文句が多いいが、若い監督は監督としての知識は備えていなかったが、ロケーション選びと小道具には結構こっていた。いったいどんな作品になるのだろう。8ミリだから手でカットするのだろう。時間と根気が必要な作業で、問題なのは、ディジタルのようにすぐに確認できない。それでもまともにカットできるのか。 

僕の役はジャックという男で、森で消えた人々を捜索しにヘリポートから現場に発つ。着陸し、森をさ迷い、何時しなく消えるという役。どうという役ではない。問題は他の役者にもある。半分以上が監督の友達。全く経験がない。興味さえない人もいる。これは問題だ。せめて興味でもあれば何とかなるが、おまけで突っ立っているのだ。やれやれ。カメラマンは彼等を出来るだけシーンから外していたが、それで済むとは思えない。うーん。どうなるのだろう。

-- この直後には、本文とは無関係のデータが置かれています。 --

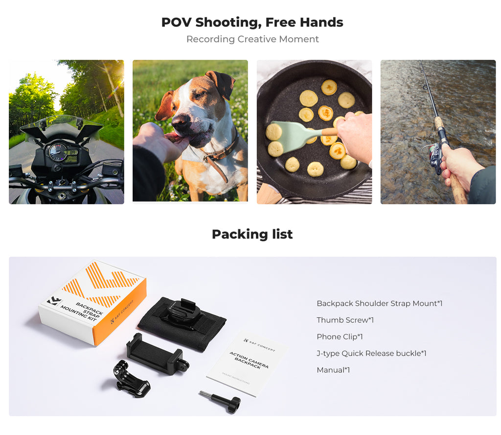 - Multi-purpose POV Mount: Ideal for first-person-view (POV) hands-free filming while biking, hiking, cooking, or fishing.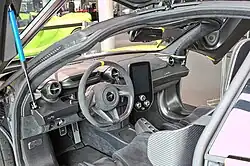 The interior consists largely of exposed carbon fibre and Alcantara, with seats that can be upholstered in Alcantara or leather, depending on the customer's preference.[9] Behind the two seats is room large enough for two helmets and race suits, reflecting the car's minimalist and track focused design. The car utilises McLaren's hydraulic RaceActive Chassis Control II (RCC II) suspension along with double-wishbone control arms.[9][15]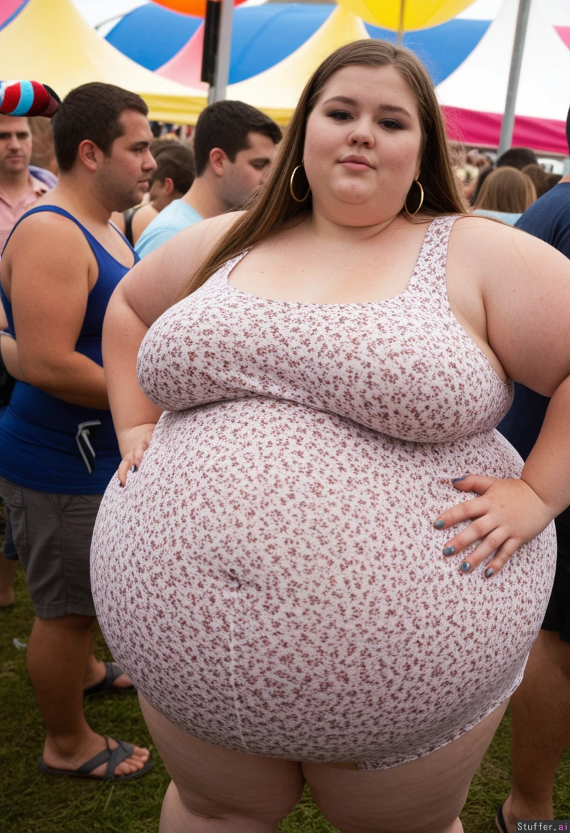 Fully clothed Fashion photo, trendy outfit, obese college student, 21-years-old, wearing ultra bloated and extremely fat-bellied adipose covering sleeveless summerdress with floral micro-pattern, ultra fat overhanging ballooned-up hyper_belly beneath clothing, she is standing at an crowded eating contest in a crowded college festival, ultra attractive symmetrical face of a top model, trendy makeup, earrings, critical look with eyeliner, long straight elegant hair, fat arms, largest hyper_belly ever seen beneath her clothing, festival vibes, side view, no nudity, afternoon,

結果的にはこれは映画にならなった。監督はその後あったら葬儀屋さんになっていた。結構儲かるらしい。


拳銃の密売人。


救助隊のリーダー兼主役。でも映画間違えてないか?これから晩飯前に7、8人消してくるさという役のほうが似合いそう。。。


現場選びは悪くない。


完全取り壊し寸前のアパート。


窓ガラスはどこへ消えた?


撮影現場。手前の男の子が我々の電源を提供援助してくれた。


ヘリコプター飛行と言えども、150メートル飛んだ先でまた着陸。